Der ganz normale Krach zur Stillen Nacht

Es gibt kein Entfliehen, man entkommt ihr nicht so ohne Weiteres – egal, ob in der Shopping Mall, im Baumarkt, im Restaurant oder Café, beim Friseur, im Wartezimmer des Arztes oder auf einer öffentlichen Toilette –, der Dauerbeschallung mit Musik.

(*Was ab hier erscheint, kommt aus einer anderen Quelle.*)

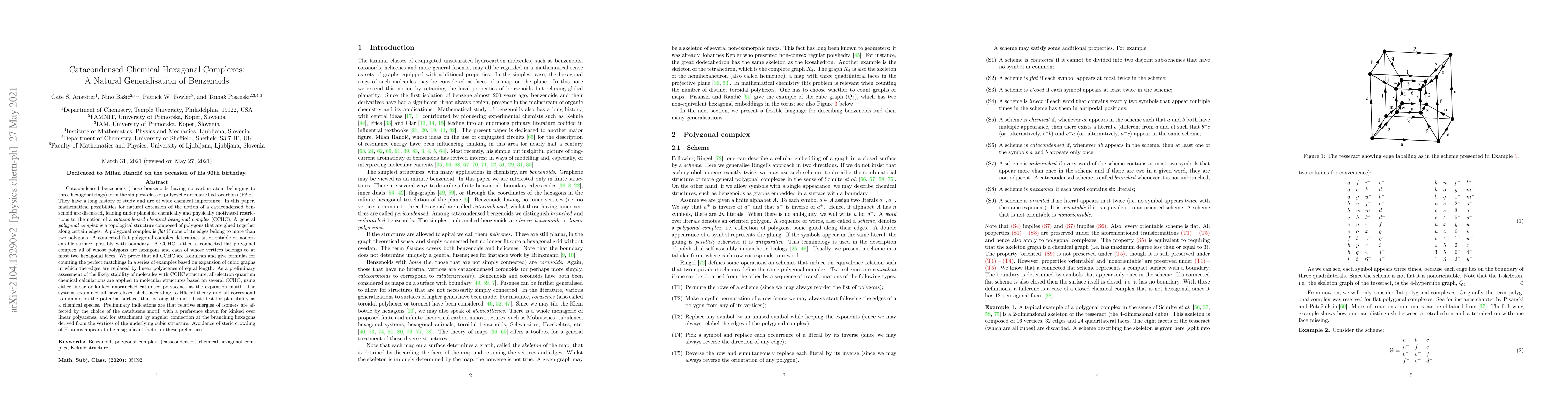 Researchers discovered a natural generalization of benzenoids called Catacondensed Chemical Hexagonal Complexes (CCHCs), which are flat polygonal complexes composed of hexagons with limited edge connections. The study finds that CCHCs are Kekulean and have stable molecular structures, suggesting their potential as plausible chemical species.

Beispiel Café oder Restaurant: Wenn dem Gast ein Bild oder Accessoire nicht gefällt, kann er den Blick abwenden oder an der anderen Seite des Tisches Platz nehmen – weghören kann er nicht! Hier hilft es jedoch oft, etwas Mut zu fassen und das Personal um einen leiseren Hintergrund zu bitten. Natürlich macht auch in diesem Fall der Ton die Musik. Diesem Wunsch, freundlich, aber bestimmt vorgetragen, kommen die meisten Betreiber gern nach. Und die anderen Gäste vermissen gar nichts.

Ihren Höhepunkt erreicht die Beschallung allüberall jedes Jahr in der (Vor)weihnachtszeit. „Stille Nacht“ wird konterkariert, zum ohnehin schon vorhandenen Geschenkekaufstress kommt noch an jeder Ecke anders tönende (oder dröhnende?) Musikberieselung hinzu. Draußen ist der singende, klingende Weihnachtsmarkt – drinnen vernimmt man von Shop zu Shop wechselnde Musik von Techno bis „Jingle Bells“ in Dauerschleife. Allerdings hat man als Kunde bzw. Gast immerhin die Chance, den Ort des unerwünschten Getöns nach einer gewissen Zeit wieder zu verlassen. Manch einer entwickelt eine besondere Strategie und wird zum Schnelleinkäufer, der Zettel wird in Windeseile abgearbeitet und dann geht’s sofort wieder nach Hause. Im Gegensatz dazu muss das Verkaufs- und Servicepersonal ausharren, es ertragen. Arbeitsplatzvorschriften sehen hier vor, dass der Lärm in den Shops 70 Dezibel (dB) nicht überschreiten darf, bei reiner Musik sollte bereits bei 64 dB Schluss sein.

Was schon für viele „normale“ Bürger eine Zumutung ist, der Einfluss von Lärm hat gesundheitliche Folgen von der Erhöhung des Blutdrucks und der Herzfrequenz bis zum negativen Stress, wird für die hochsensibel auf Geräusche Reagierenden – das sind immerhin 15 bis 20 Prozent der Bevölkerung – zur echten Nervenprobe. Ihnen helfen scheinbar gut gemeinte Ratschläge wie „Hab dich nicht so“ oder „Da kannst du doch einfach drüber weghören“ leider nichts. Darüber hinweghören, das würden sie so gerne – aber sie können es nicht, weil ihnen der dazu nötige Filter im Kopf fehlt. Es ist also kein böser Wille, wenn sie geräuschempfindlich sind und sich unwohl fühlen.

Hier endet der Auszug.